A new report from the UN Intergovernmental Panel on Climate Change warns of dire consequences if governments don't make "rapid, far-reaching, and unprecedented changes in all aspects of society" to stem global warming. But the planet isn't the only thing at risk as temperatures rise; your health might be in danger, too…

An increase in disease-carrying mosquitoes and ticks 

Hot and humid climates provide a perfect breeding ground for critters, and experts say that a warming world might put us at greater risk for vector-borne diseases, which are those transmitted by ticks, mosquitoes or other organisms…

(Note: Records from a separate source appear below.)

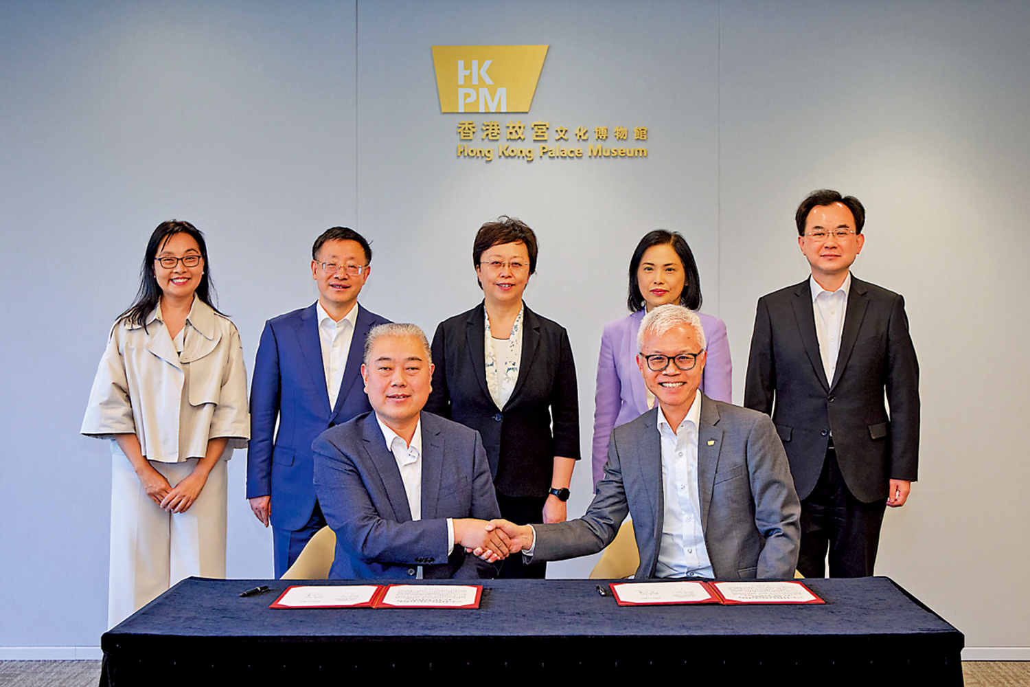 展覽意向合作協議在四川省委常委、宣傳部部長鄭莉,四川省文化和旅遊廳廳長戴允康,西九文化區管理局行政總裁馮程淑儀以及西九文化區管理局副行政總裁(區域發展)顏金施的見證下,由四川省文物考古研究院院長唐飛代表廣漢三星堆博物館、成都金沙遺址博物館、四川省文物考古研究院及成都文物考古研究院,與香港故宮文化博物館館長吳志華共同簽署。
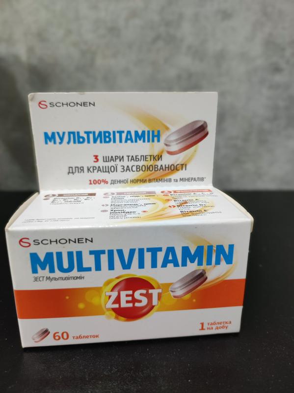 Применись как диетическая добавка для взрослых и детей старше 12 лет, как дополнительный источник витаминов и минеральных веществ в связи с повышенной потребностью или при снижении поступления их с пищей для поддержания физиологической жизнедеятельности организма. Способ застаивания: Перед началом применения рекомендована консультация врача. Принимать по одной таблетке один раз в сутки после приема пищи. Не следует превышать рекомендуемую суточную дозу! Не использовать, если уже принимаете любые другие витамины. Не запивать горячими или алкогольсодержащими напитками! Состав: Быстрый слой. 1 фаза – высвобождение 5 минут Магней56,25 mg (мг) Витамин РР (витамин В3)16 mg (мг) Витамин В5 (кислота пантотенова)6 mg (мг) Витамин B61,4 mg (мг) Витамин B21,4 mg (мг) Витамин B11,1 mg (мг) Витамин В9 (кислота фолиевая)200 μg (мкг) Витамин B122,5 μg (мкг) Средний слой. 2 фаза – высвобождение 45 минут Железо14 mg (мг) Цинк10 mg (мг) Марганец2 mg (мг) Медь1 mg (мг) Молибден50 μg (мкг) Селен50 µg (мкг) Хром25 µg (мкг) Пролонгований шар. 3 фаза – полное высвобождение 8 часов Витамин C80 mg (мг) Витамин E12 mg (мг) Витамин A800 μg (мкг) Витамин H50 μg (мкг) Витамин D35 μg (мкг) Производитель: Швейцария
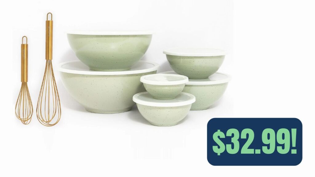 This melamine bowl set includes lids and two stainless steel whisks. It’s also dishwasher safe! Get it in one of two colors.
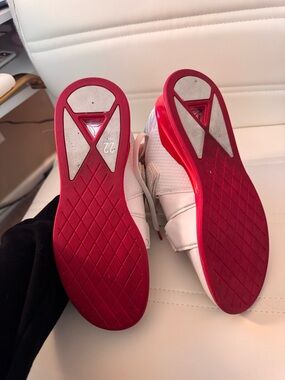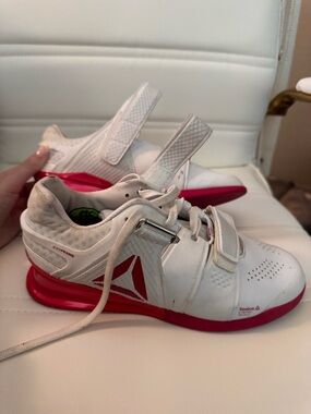 White and hot pink! Super cute lifters in good condition! Can be cleaned up with a magic eraser.
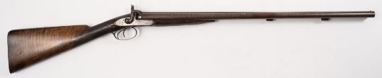 A double barrel percussion cap sporting gun by Charles Lancaster , London, No 1154:, 29 1/2 inch barrels with remains of maker's name and address to rib, engraved tang and hammers, the scroll chased sidelock action signed as per title, steel trigger guard with pineapple finial on a chequered walnut stock with engraved steel butt plate, 117cm long.
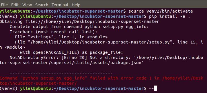 1106035348 opened a new issue #6538: pip install -e . faild URL: https://github.com/apache/incubator-superset/issues/6538  我已经运行过pip install -r requirements.txt和pip install -r requirements-dev.txt
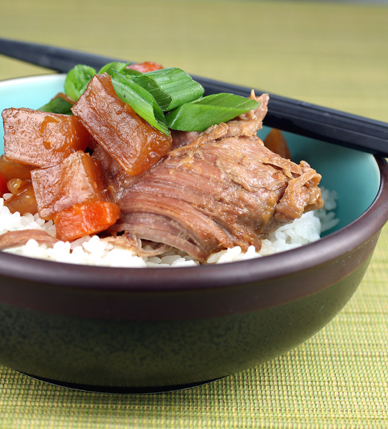 After browning a boneless pork shoulder roast in a Dutch oven, carrots, shallots and daikon radish were added, along with the contents of the 16-ounce jar of Clay Pot Cooking Sauce and two cups of water. Put a lid on and allow to braise in the oven for three hours. Then, serve with bowls of fluffy, steamed rice.
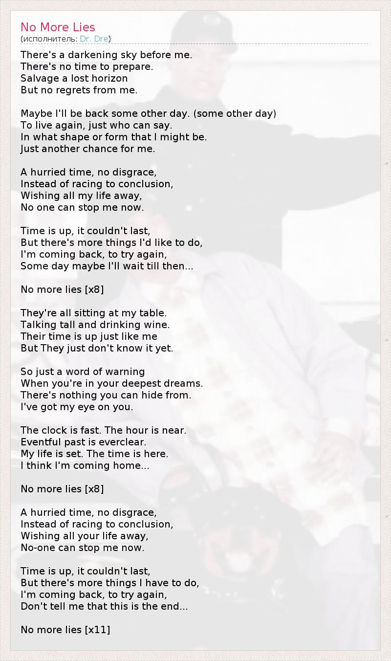 There's a darkening sky before me. There's no time to prepare. Salvage a lost horizon But no regrets from me. Maybe I'll be back some other day. (some other day) To live again, just who can say. In what shape or form that I might be. Just another chance for me. A hurried time, no disgrace, Instead of racing to conclusion, Wishing all my life away, No one can stop me now. Time is up, it couldn't last, But there's more things I'd like to do, I'm coming back, to try again, Some day maybe I'll wait till then... No more lies [x8] They're all sitting at my table. Talking tall and drinking wine. Their time is up just like me But They just don't know it yet. So just a word of warning When you're in your deepest dreams. There's nothing you can hide from. I've got my eye on you. The clock is fast. The hour is near. Eventful past is everclear. My life is set. The time is here. I think I'm coming home... No more lies [x8] A hurried time, no disgrace, Instead of racing to conclusion, Wishing all your life away, No-one can stop me now. Time is up, it couldn't last, But there's more things I have to do, I'm coming back, to try again, Don't tell me that this is the end... No more lies [x11]
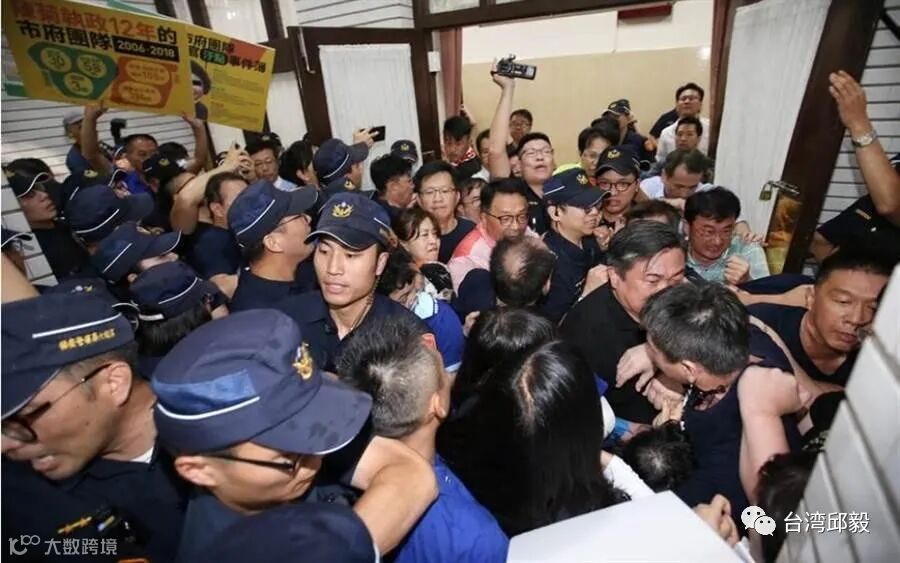 此外,零星“蓝委”成功突围,进入议场后,马上开始破坏备询台,有意杯葛不让陈菊上台备询,而民进党“立委”则在一旁高喊,“破坏公物啦!”、“现行犯!”
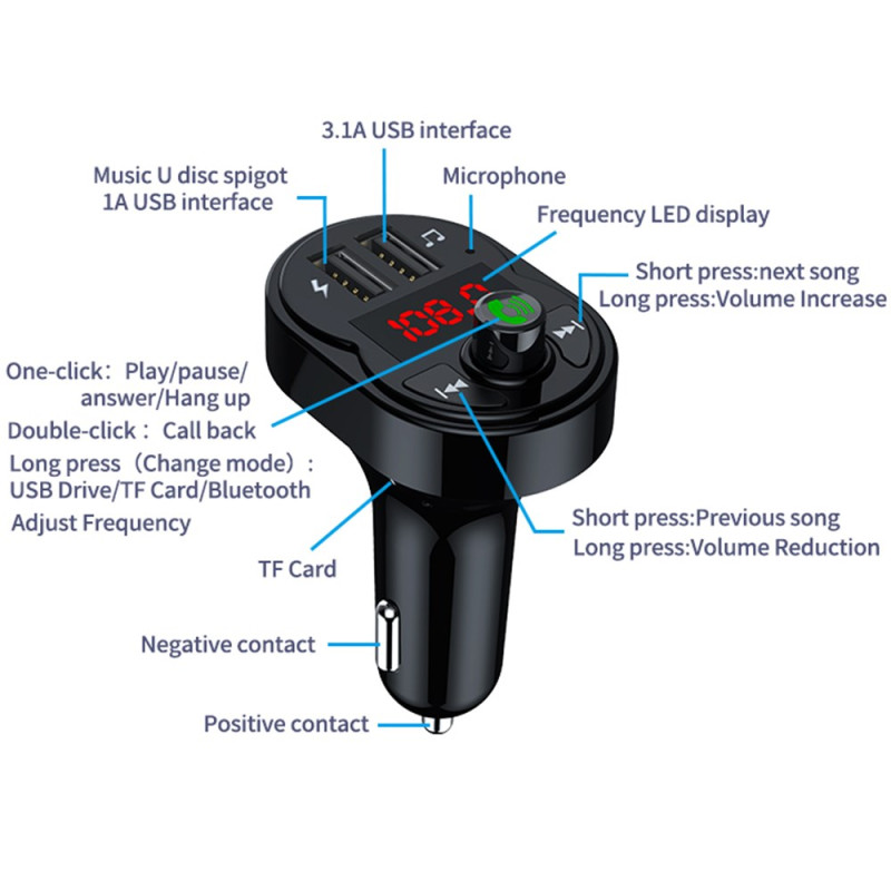 Transformez vos trajets avec ce chargeur voiture multifonction X1. Profitez d'appels mains libres Bluetooth 5.3, d'une charge rapide 3.1A et d'un transmetteur FM pour diffuser votre musique préférée. Compatible USB, carte TF et tous véhicules 12V-24V.
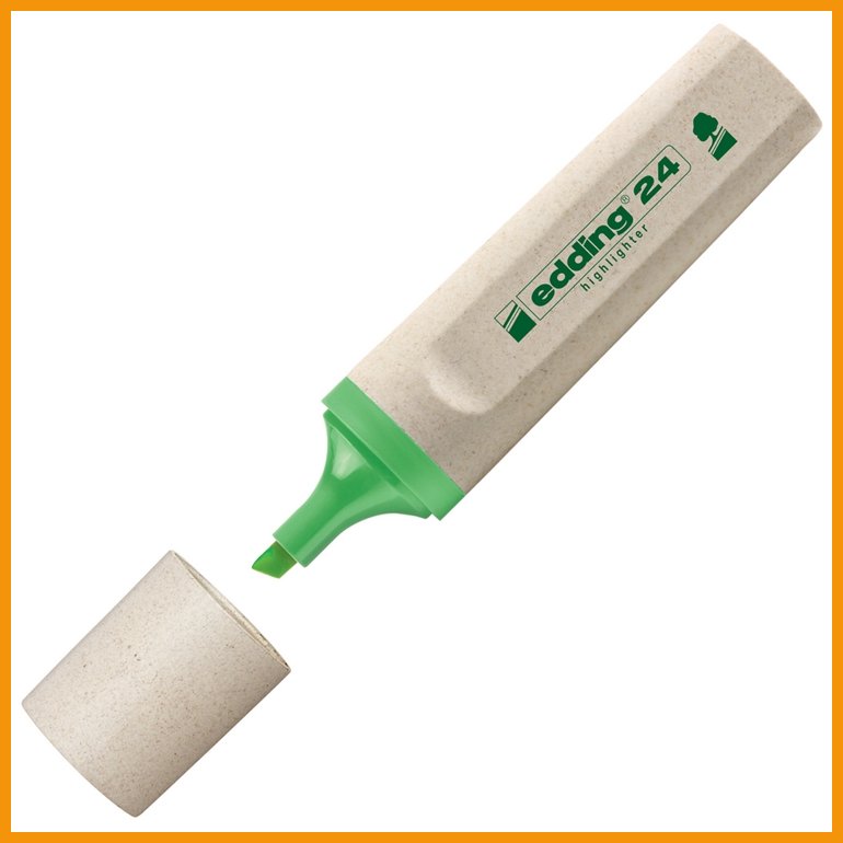 Edding 24 Ecoline -korostuskynän muovinen runko, suukappale ja suojakorkki on valmistettu vähintään 90-prosenttisesti kierrätysmateriaaleista. Myös mustesäiliö voidaan täyttää uudelleen. Kynällä on osoituksena ekologisuudestaan Blue Angel -ympäristösertifikaatti. Vesiliukoinen ja valonkestävä muste tuottaa kirkkaat värit.Musteen väri: vaaleanvihreä

Contaminated water sources and dangerous bacterial infections
Extreme weather and rainfall have contributed to the spread of bacterial infections through contaminated water, especially in summer. Warmer temperatures will only make those storms worse…

An increase in mental health issues
Even a modest rise in temperatures is associated with an increase in mental health issues, according to a study published this year that surveyed nearly 2 million US residents. The research, in the journal PNAS, looked at individual cities and found that warming of just 1 degree over five years was linked to a 2% increase in mental health issues…

An increase in Type 2 diabetes
Rising temperatures are associated with an increase in Type 2 diabetes, according to a 2017 study published in the journal BMJ Open Diabetes Research & Care. However, researchers looked only at the correlation between temperatures and diabetes, so the study didn't establish that temperatures necessarily caused the disease…

Respiratory problems and stroke

Most scientists agree that greenhouse gases like carbon dioxide are contributing to global warming, but those emissions aren't just hurting the planet. Fossil fuel pollutants can also generate a mixture of solid particles and liquid droplets in the atmosphere that can enter your lungs and even your bloodstream…

More car crashes and fewer food inspections
Even small changes in climate can impact human behavior, leading to an increase in fatal car accidents and a decrease in food safety inspections, according to a study published this year in PNAS…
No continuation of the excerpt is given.